### WHAT YOU WILL DO
Your copy should begin with the line containing "Зонт twoGether вне", end with the line containing "반면에 비타민 A는 활성", match the listing below exactly, and contain no pictures.

### SOURCE RECORDS

------------------------------

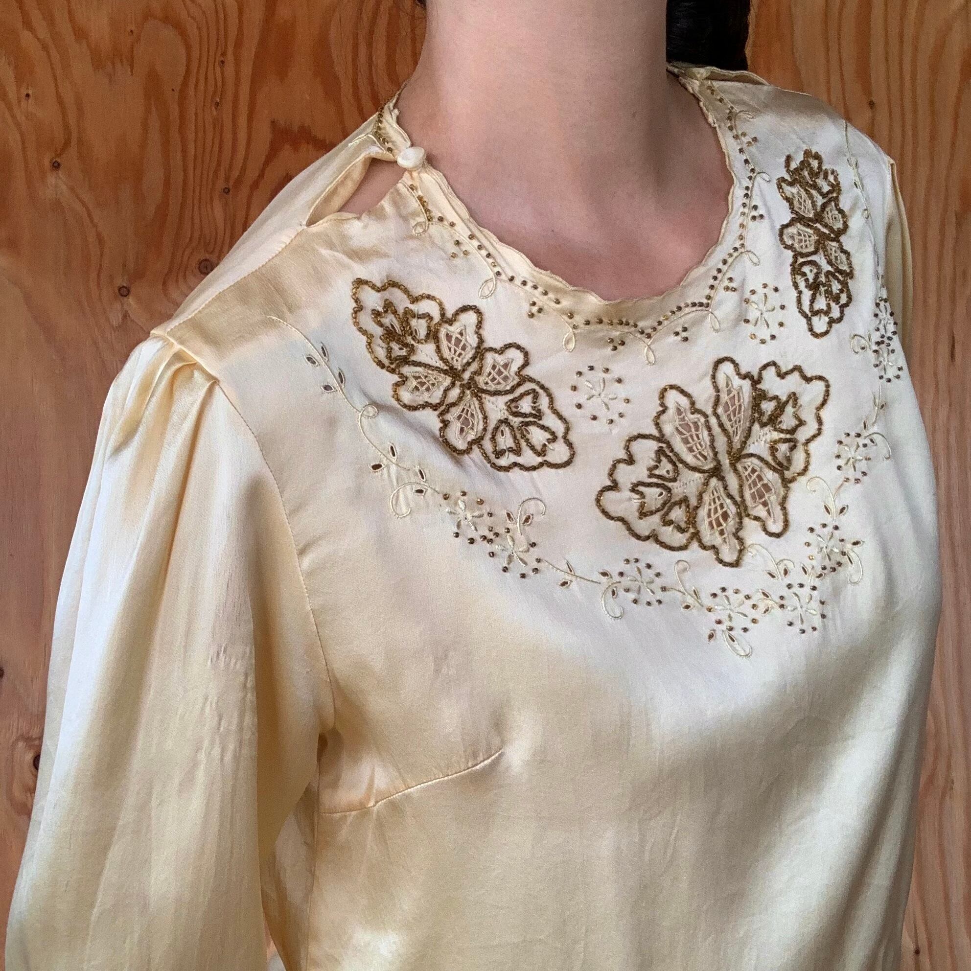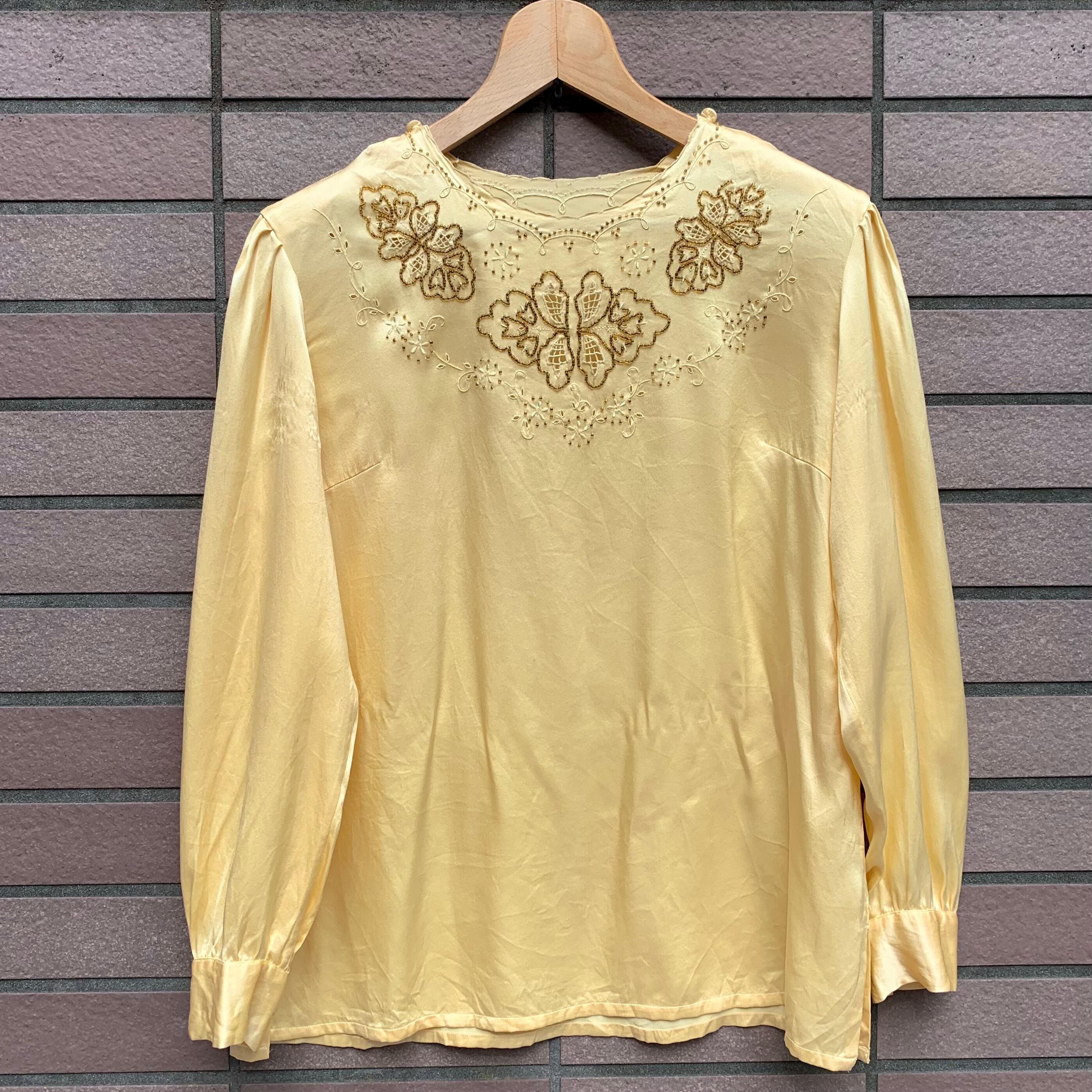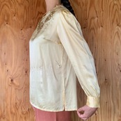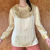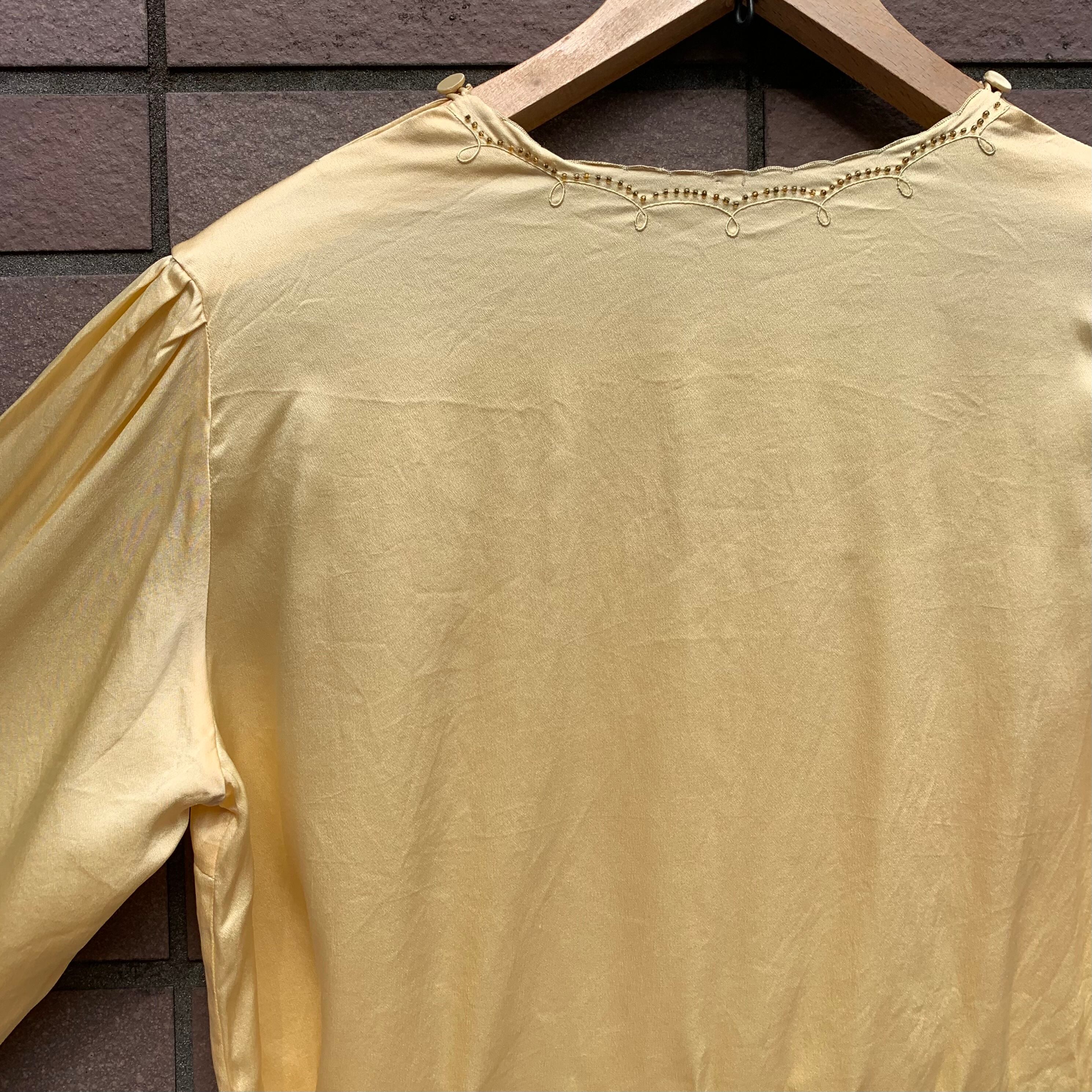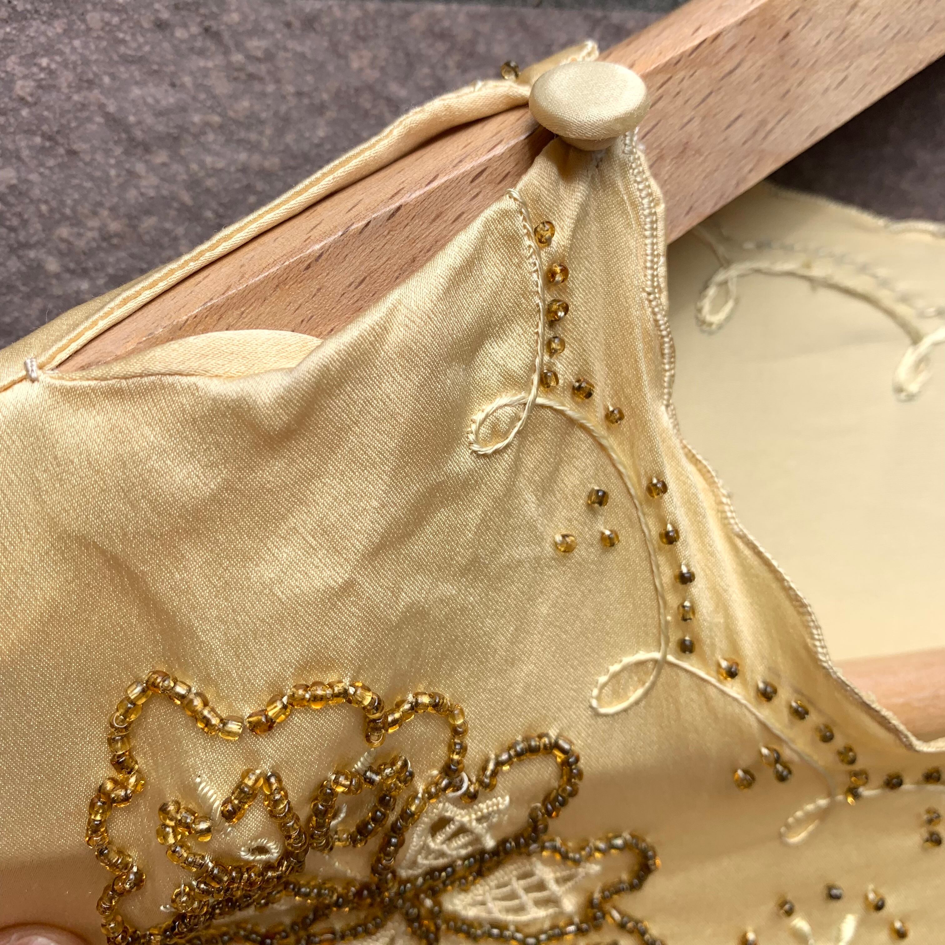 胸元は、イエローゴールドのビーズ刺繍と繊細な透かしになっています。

------------------------------

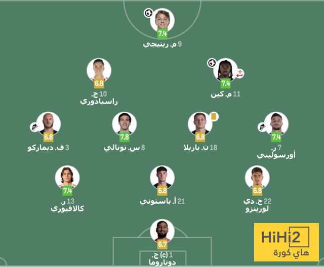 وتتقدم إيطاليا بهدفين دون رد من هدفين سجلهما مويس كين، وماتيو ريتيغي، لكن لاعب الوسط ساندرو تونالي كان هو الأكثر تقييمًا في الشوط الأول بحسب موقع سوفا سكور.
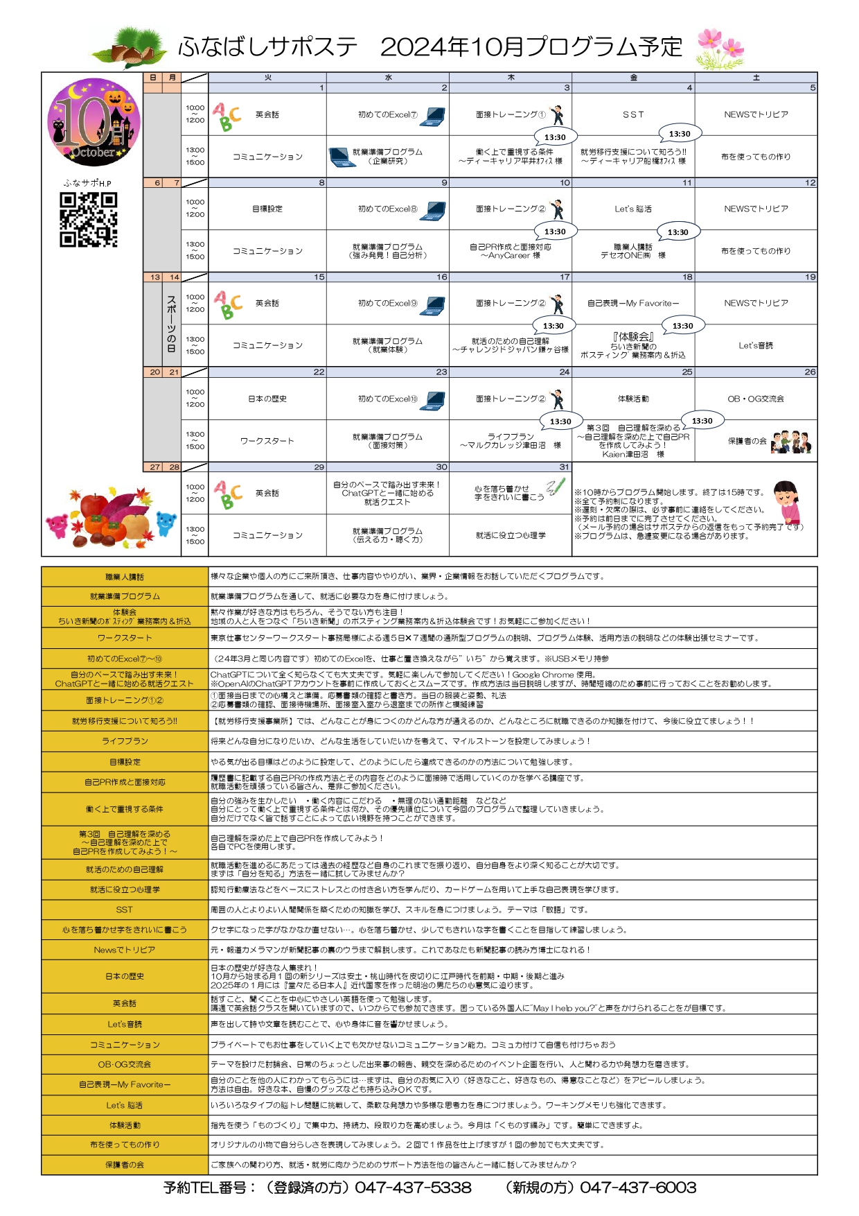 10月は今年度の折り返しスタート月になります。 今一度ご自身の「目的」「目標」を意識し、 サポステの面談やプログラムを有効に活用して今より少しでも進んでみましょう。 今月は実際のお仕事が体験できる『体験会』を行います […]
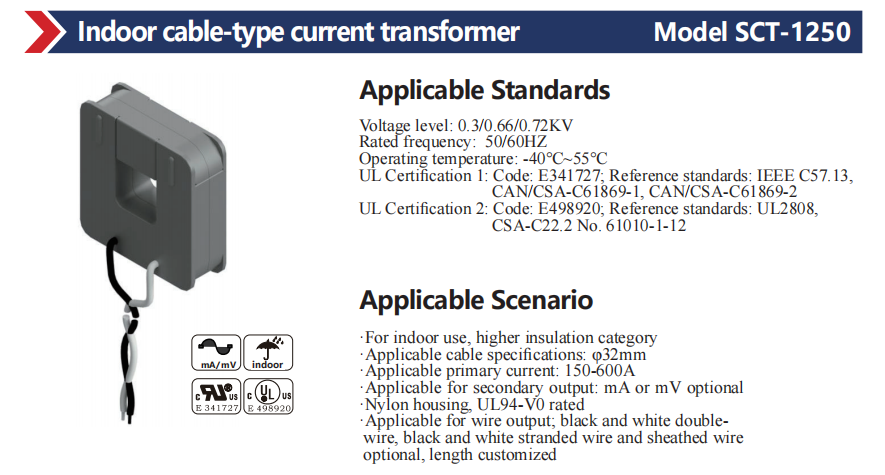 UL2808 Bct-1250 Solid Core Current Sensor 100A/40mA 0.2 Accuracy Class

------------------------------

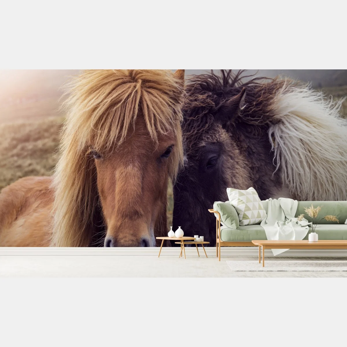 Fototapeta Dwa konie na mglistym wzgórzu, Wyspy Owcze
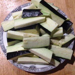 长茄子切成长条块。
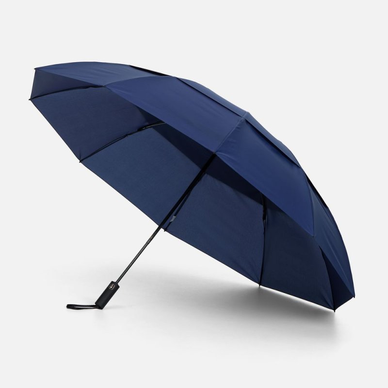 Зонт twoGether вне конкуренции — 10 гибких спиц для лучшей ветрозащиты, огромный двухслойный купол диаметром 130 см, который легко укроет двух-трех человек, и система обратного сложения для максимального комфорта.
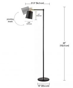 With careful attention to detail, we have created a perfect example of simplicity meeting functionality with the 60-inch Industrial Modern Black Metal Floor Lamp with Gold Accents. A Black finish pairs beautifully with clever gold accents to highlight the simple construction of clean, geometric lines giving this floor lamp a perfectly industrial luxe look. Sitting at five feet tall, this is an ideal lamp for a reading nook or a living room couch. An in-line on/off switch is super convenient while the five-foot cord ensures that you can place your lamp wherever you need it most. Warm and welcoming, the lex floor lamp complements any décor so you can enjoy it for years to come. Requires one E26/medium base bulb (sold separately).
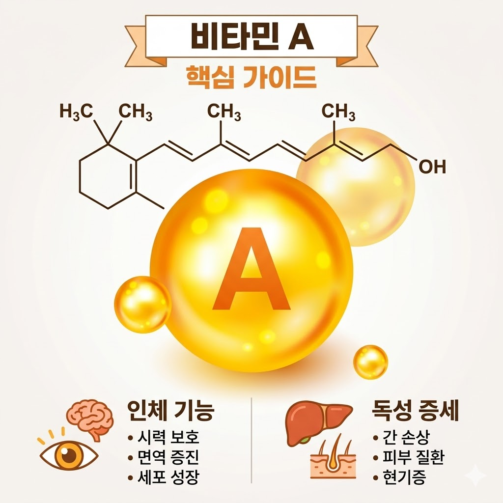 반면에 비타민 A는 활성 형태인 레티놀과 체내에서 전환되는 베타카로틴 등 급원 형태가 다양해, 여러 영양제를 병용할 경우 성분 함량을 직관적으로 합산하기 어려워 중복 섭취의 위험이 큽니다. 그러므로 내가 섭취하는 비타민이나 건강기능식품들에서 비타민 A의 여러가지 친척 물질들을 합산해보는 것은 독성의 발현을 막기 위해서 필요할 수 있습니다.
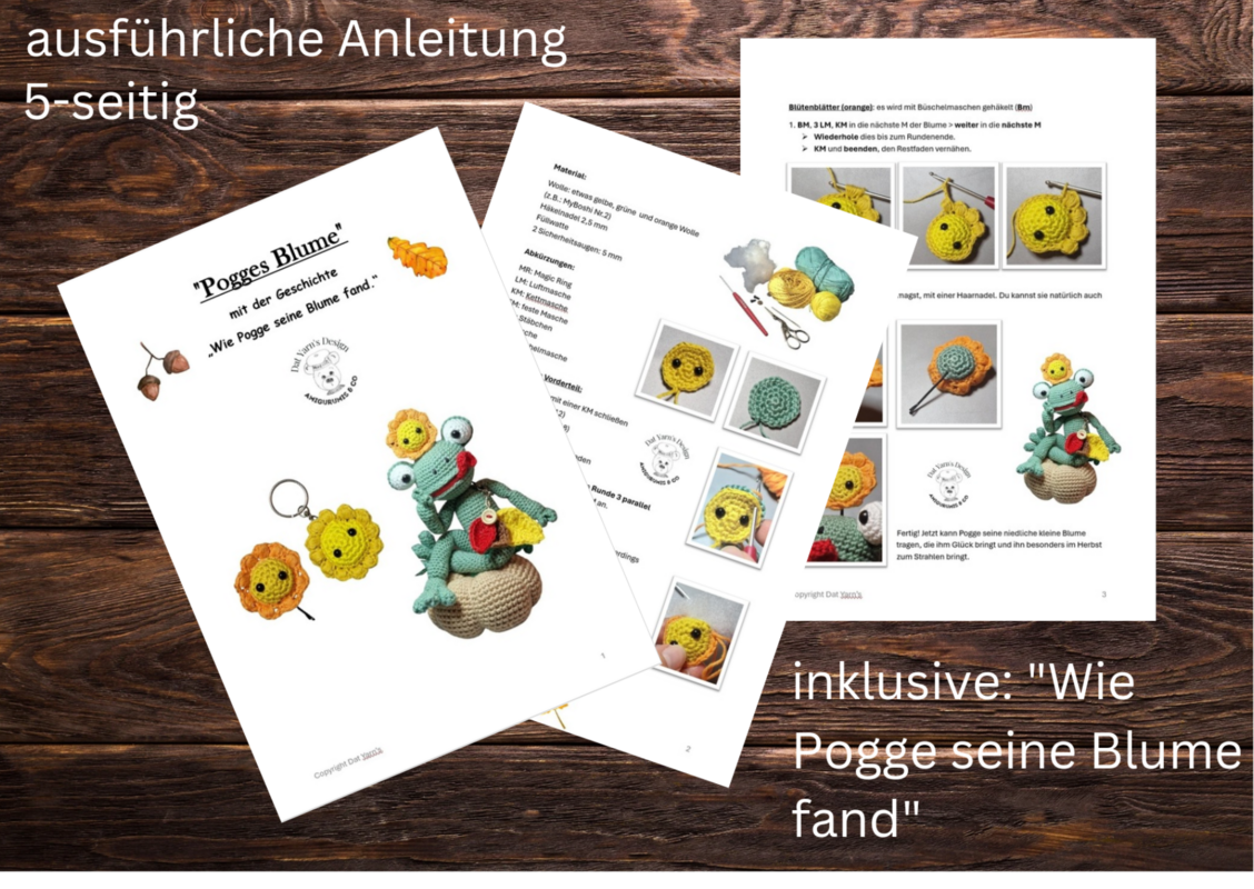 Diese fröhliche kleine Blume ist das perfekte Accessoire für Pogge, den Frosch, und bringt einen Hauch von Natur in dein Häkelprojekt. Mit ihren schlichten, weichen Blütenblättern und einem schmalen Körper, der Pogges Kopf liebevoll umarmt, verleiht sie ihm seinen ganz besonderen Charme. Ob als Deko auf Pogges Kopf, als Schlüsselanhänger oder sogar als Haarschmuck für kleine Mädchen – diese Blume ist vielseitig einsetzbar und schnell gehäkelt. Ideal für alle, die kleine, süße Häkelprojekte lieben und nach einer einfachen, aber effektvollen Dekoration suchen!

------------------------------

### REPLY
 Зонт twoGether вне конкуренции — 10 гибких спиц для лучшей ветрозащиты, огромный двухслойный купол диаметром 130 см, который легко укроет двух-трех человек, и система обратного сложения для максимального комфорта.
 With careful attention to detail, we have created a perfect example of simplicity meeting functionality with the 60-inch Industrial Modern Black Metal Floor Lamp with Gold Accents. A Black finish pairs beautifully with clever gold accents to highlight the simple construction of clean, geometric lines giving this floor lamp a perfectly industrial luxe look. Sitting at five feet tall, this is an ideal lamp for a reading nook or a living room couch. An in-line on/off switch is super convenient while the five-foot cord ensures that you can place your lamp wherever you need it most. Warm and welcoming, the lex floor lamp complements any décor so you can enjoy it for years to come. Requires one E26/medium base bulb (sold separately).
 반면에 비타민 A는 활성 형태인 레티놀과 체내에서 전환되는 베타카로틴 등 급원 형태가 다양해, 여러 영양제를 병용할 경우 성분 함량을 직관적으로 합산하기 어려워 중복 섭취의 위험이 큽니다. 그러므로 내가 섭취하는 비타민이나 건강기능식품들에서 비타민 A의 여러가지 친척 물질들을 합산해보는 것은 독성의 발현을 막기 위해서 필요할 수 있습니다.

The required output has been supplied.